The man, a 62-year-old Clinton Township resident, has not been charged and authorities were awaiting toxicology results from an autopsy performed on the body of the 31-year-old woman who died.
Police said the man and his 92-year-old mother spend their winters in Arizona and were returning to Michigan with a 31-year-old woman with whom the man said he had had a romantic relationship.
When officers arrived Tuesday at his son's home in Warren, just north of Detroit, the man was weeping on the curb and his mother was in her wheelchair in the back of the van. The dead woman's corpse was in the front passenger seat wearing a seat belt and sunglasses.
"She obviously had been dead for at least 24 hours in screeching heat," said Warren Police Commissioner Jere Green.
Police did not release the names of the man or the dead woman.
Their 1,700-mile journey began Sunday in the Phoenix area after the woman checked herself out of a mental health facility there. At some point the woman, who had a history of substance abuse problems, may have taken oxycodone, Green said.
"They stopped in Flagstaff and she went in to use the bathroom," Green said. "We're guessing she might have overdosed."
Green said the driver later tried to wake her but discovered her body was cold and presumed that she had died. He did an Internet search on his cellphone and later told police he read something about having 48 hours to take a corpse to a medical examiner or morgue.
As their macabre journey continued, someone at the mental health facility in Arizona called the woman's cellphone to check on her.
"It's a courtesy call," Green said. "He answers and said, 'She can't talk. ... She's dead.'"
The caller told him to immediately contact police.

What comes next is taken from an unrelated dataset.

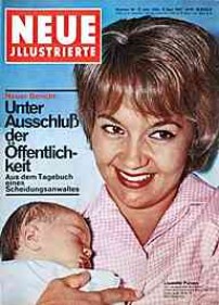 |  | NEUE ILLUSTRIERTE - Titel: "Liselotte Pulver, der Lausbub des deutschen Films, mit ihrem Sohn Marc Tell" - Thema z.B.: "Sportler aus der Retorte?" | | NEUE ILLUSTRIERTE - Titel: "Das große Glück im Hause Schell - Maria und ihr Sohn Oliver" - Thema z.B.: "Wie Deutschlands Städte starben... - Feuerkessel Stuttgart" | | NEUE ILLUSTRIERTE - Titel: "Karin Dor auf dem Kriegspfad mit Old Shatterhand und Winnetou in der ersten Verfilmung einer Karl-May-Erzählung aus dem Wilden Westen "Der Schatz im Silbersee"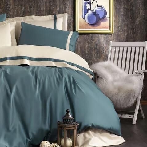 Nazik Home Elite Organik Pamuk Saten 6 Parça Nevresim Takımı Mavi Çift Kişilik

The driver didn't and later told investigators he was afraid police would arrest them and seize his van.
The facility filed a missing persons report and police contacted the driver, who met them Tuesday. The man has not been arrested and the case is under investigation.
The man gave police explanations for his actions, "which made sense to him," Green said. But "was he committing a crime or was it stupidity?"